**Description of the task:**
Nothing in the records should be changed in the copy, though the pictures must be left out.

Recorded data:
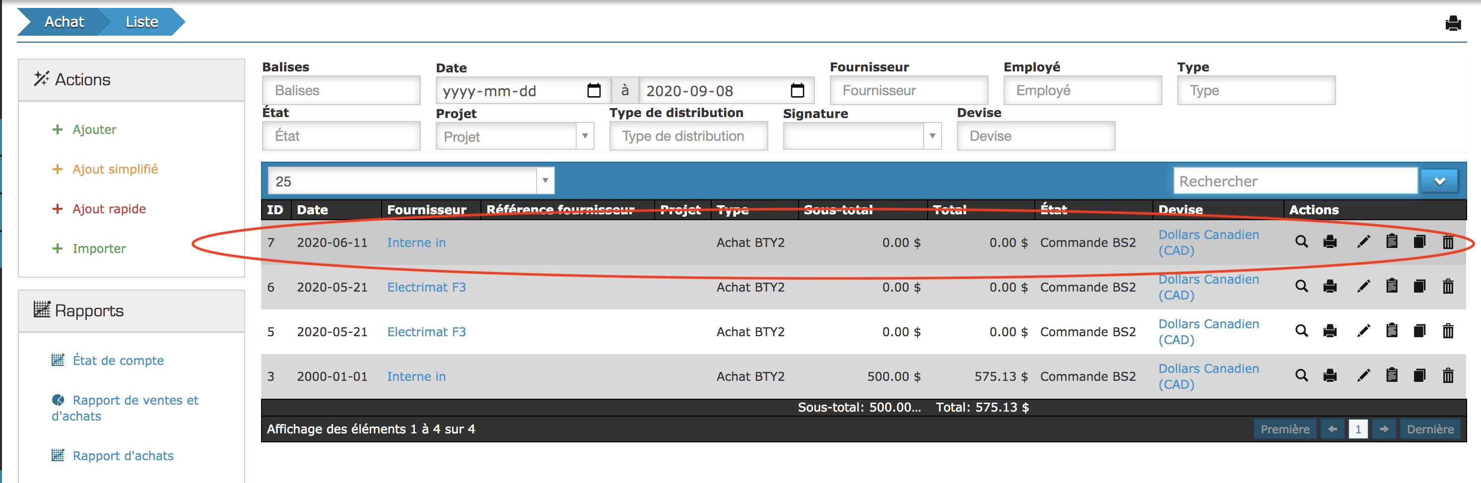 2 ) Une fois arrivé sur la page des achats, sélectionnez l’achat que vous désirez ajouter une ligne.
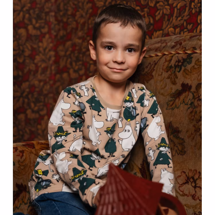 En mjuk och skön Mumin tröja för barn. I rak modell med långa ärmar och en rund halsringning. Produkten innehåller certifierad ekologisk bomull. Öko-tex.
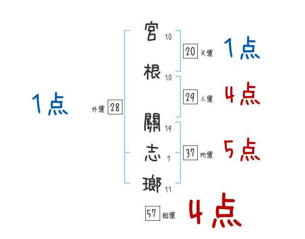 総運![]() | 宮根關志瑯さんの総運は57画の4つ星!向上心があり人望がある。地位を得る。 あなたの人生を表す1番重要な運勢です。生涯を通じて影響する総合運となり、主に50歳以降の晩年期に影響を及ぼします。 |
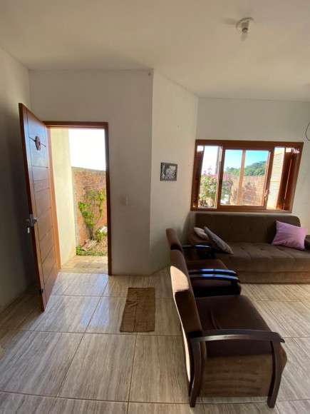 Sobrado em alvenaria com excelente posição solar, contendo 2 dormitórios, sala e cozinha, banheiro e pátio calçado com churrasqueira e área coberta. Terreno medindo 5 x 30.
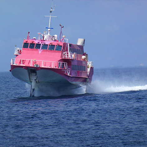 高速ジェット船セブンアイランドの正式名称はジェットフォイル。アメリカの航空機メーカーが開発した船で、ジェットエンジンで海水を吹き出し、空気のかわりに海水から揚力(浮き上がる力)を得て飛ぶ「海のジェット機」です。
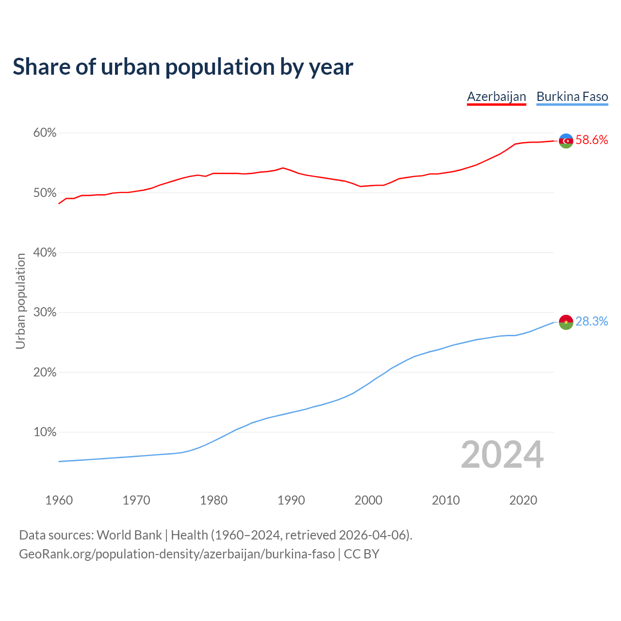 From 2004 to 2024, the share of urban population changed from 52.3% to 58.6% in Azerbaijan and from 21.3% to 28.3% in Burkina Faso.
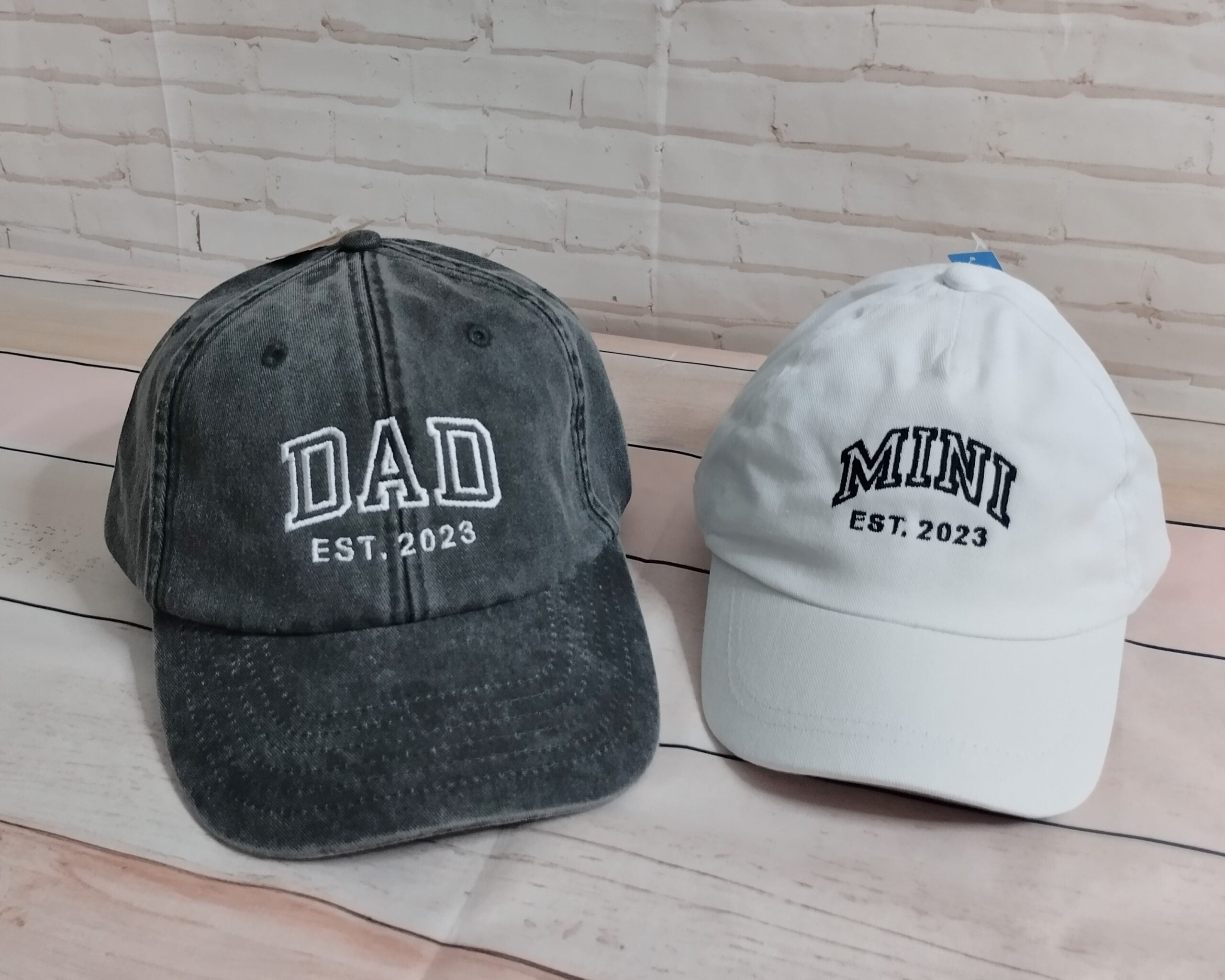 Επίλεξε το χρώμα του καπέλου για τον γονιό και το χρώμα και το μέγεθος του καπέλου για το παιδί πάνω στα οποία θέλεις να κεντηθούν τα κείμενα ή τα σχέδια, καθώς και την κλωστή για το καθένα.
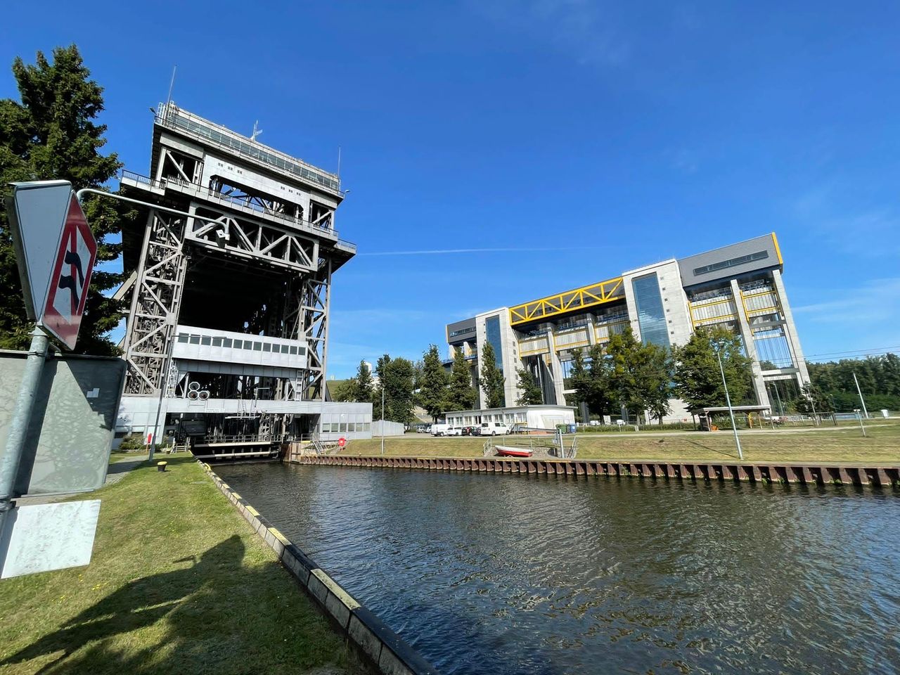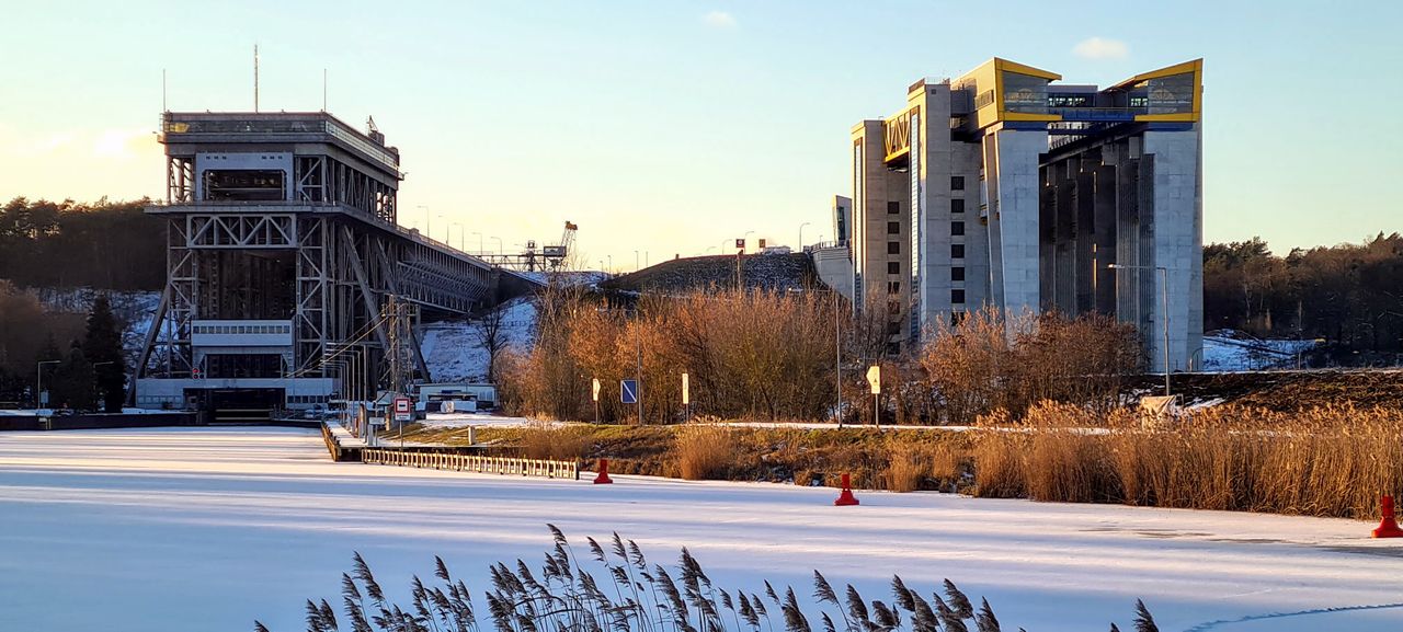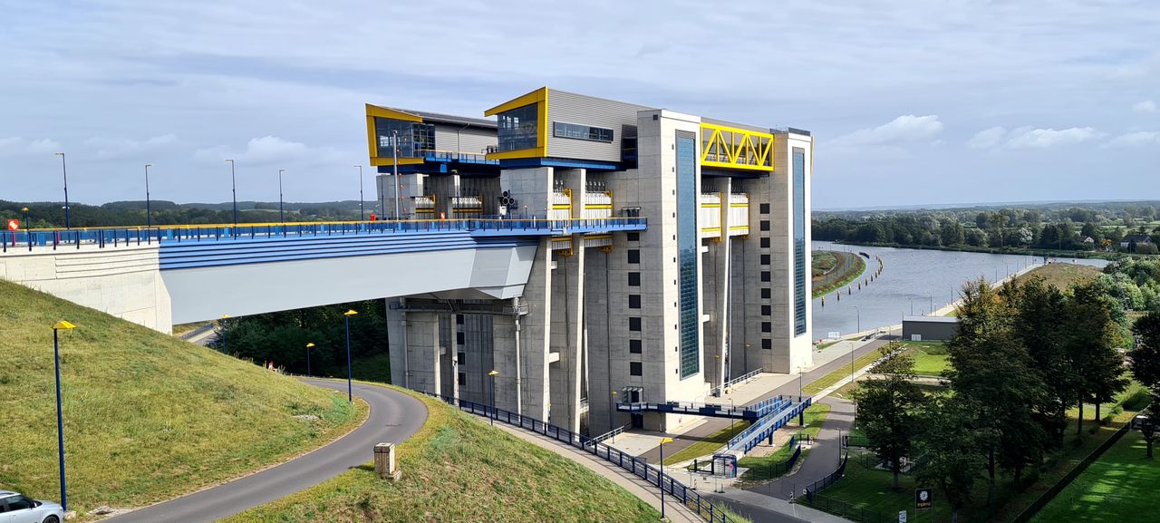 Neben dem ältesten noch in Betrieb befindlichen Schiffshebewerk der Welt befindet sich der Neubau des neuesten Hebewerks. Mit Hilfe der rund 60 Meter hohen Maschinen überwinden seit 1934 jährlich tausende von Schiffen rund 36 Meter Höhenunterschied. Das alte Schiffshebewerk ist eine Stahl-Nietenkonstruktion, das neue Hebewerk eine moderne Stahlbeton-Konstruktion, die nach erfolgreichem Probebetrieb ab 2022 in Betrieb gehen soll. Das alte Hebewerk wird danach noch mindestens 5 Jahre weiter betrieben werden. Das gesamte Ensemble, auf dem sich über 400 Jahre Baugeschichte und vier Generationen von Wasserbauwerken befinden, gilt als eines der wichtigsten Denkmäler der Ingenierbaukunst in Europa. de.wikipedia.org
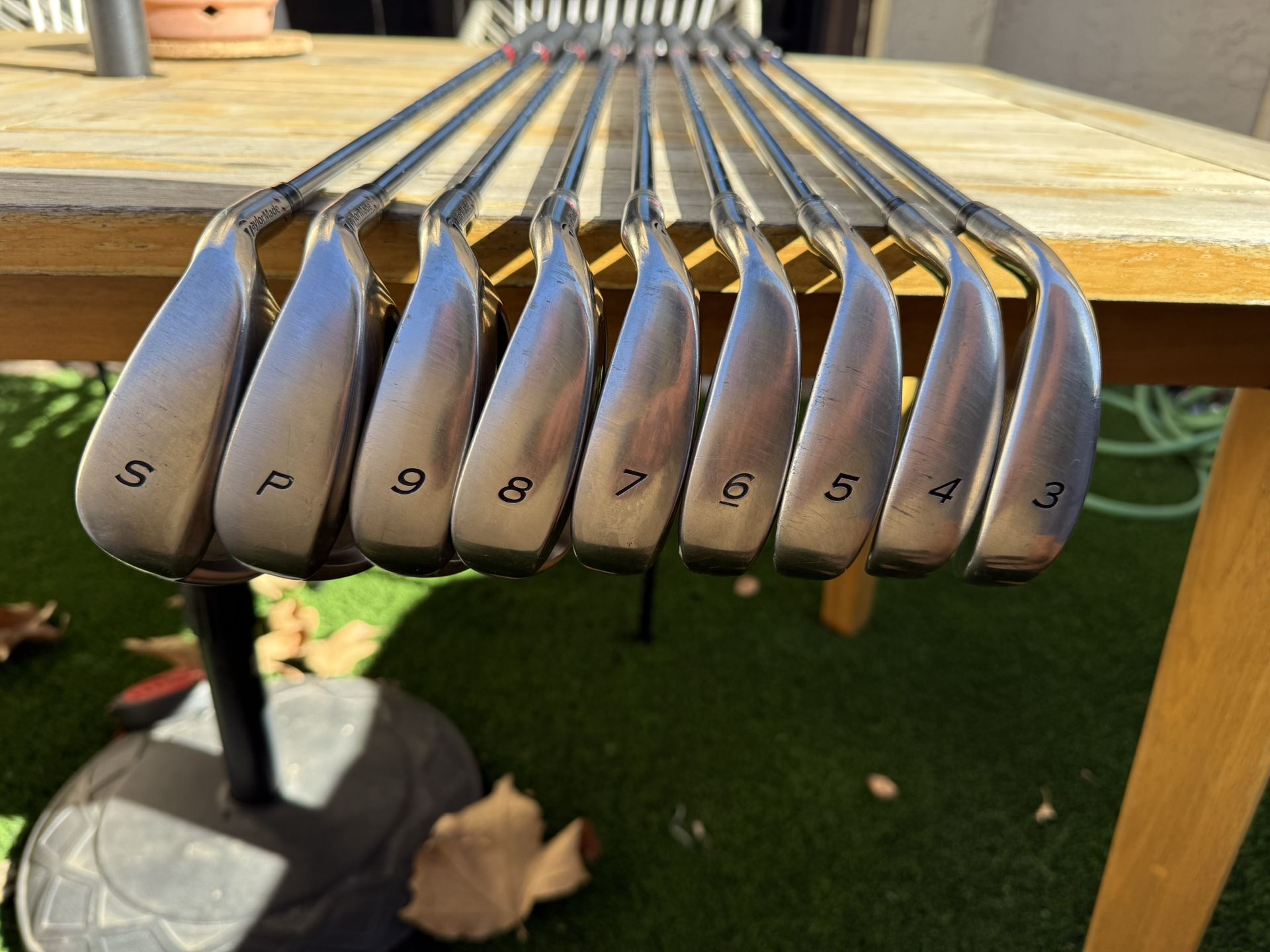 Used TaylorMade RAC HT iron set (3–SW). These are the “High Trajectory” version—very forgiving and easy to launch. Great for taller players or anyone needing +1” length and midsize grips. Specs • Right hand • +1” length • Steel S-Flex (95g) • Golf Pride Tour Wrap Midsize grips • 3i, 4i, 5i, 6i, 7i, 8i, 9i, PW, SW Condition Normal face wear, grooves still solid, no major dings. Grips still playable. Well cared for. Why they’re good • Higher launch and easier to hit than standard RAC irons • Good for mid-high handicaps • Harder to find extended length sets already built Fit Recommended for golfers around 5’11”–6’5” depending on wrist-to-floor. (Equivalent to XL glove fit.)

**Response to the task:**
 2 ) Une fois arrivé sur la page des achats, sélectionnez l’achat que vous désirez ajouter une ligne.
 En mjuk och skön Mumin tröja för barn. I rak modell med långa ärmar och en rund halsringning. Produkten innehåller certifierad ekologisk bomull. Öko-tex.
 総運![]() | 宮根關志瑯さんの総運は57画の4つ星!向上心があり人望がある。地位を得る。 あなたの人生を表す1番重要な運勢です。生涯を通じて影響する総合運となり、主に50歳以降の晩年期に影響を及ぼします。 |
 Sobrado em alvenaria com excelente posição solar, contendo 2 dormitórios, sala e cozinha, banheiro e pátio calçado com churrasqueira e área coberta. Terreno medindo 5 x 30.
 高速ジェット船セブンアイランドの正式名称はジェットフォイル。アメリカの航空機メーカーが開発した船で、ジェットエンジンで海水を吹き出し、空気のかわりに海水から揚力(浮き上がる力)を得て飛ぶ「海のジェット機」です。
 From 2004 to 2024, the share of urban population changed from 52.3% to 58.6% in Azerbaijan and from 21.3% to 28.3% in Burkina Faso.
 Επίλεξε το χρώμα του καπέλου για τον γονιό και το χρώμα και το μέγεθος του καπέλου για το παιδί πάνω στα οποία θέλεις να κεντηθούν τα κείμενα ή τα σχέδια, καθώς και την κλωστή για το καθένα.
 Neben dem ältesten noch in Betrieb befindlichen Schiffshebewerk der Welt befindet sich der Neubau des neuesten Hebewerks. Mit Hilfe der rund 60 Meter hohen Maschinen überwinden seit 1934 jährlich tausende von Schiffen rund 36 Meter Höhenunterschied. Das alte Schiffshebewerk ist eine Stahl-Nietenkonstruktion, das neue Hebewerk eine moderne Stahlbeton-Konstruktion, die nach erfolgreichem Probebetrieb ab 2022 in Betrieb gehen soll. Das alte Hebewerk wird danach noch mindestens 5 Jahre weiter betrieben werden. Das gesamte Ensemble, auf dem sich über 400 Jahre Baugeschichte und vier Generationen von Wasserbauwerken befinden, gilt als eines der wichtigsten Denkmäler der Ingenierbaukunst in Europa. de.wikipedia.org
 Used TaylorMade RAC HT iron set (3–SW). These are the “High Trajectory” version—very forgiving and easy to launch. Great for taller players or anyone needing +1” length and midsize grips. Specs • Right hand • +1” length • Steel S-Flex (95g) • Golf Pride Tour Wrap Midsize grips • 3i, 4i, 5i, 6i, 7i, 8i, 9i, PW, SW Condition Normal face wear, grooves still solid, no major dings. Grips still playable. Well cared for. Why they’re good • Higher launch and easier to hit than standard RAC irons • Good for mid-high handicaps • Harder to find extended length sets already built Fit Recommended for golfers around 5’11”–6’5” depending on wrist-to-floor. (Equivalent to XL glove fit.)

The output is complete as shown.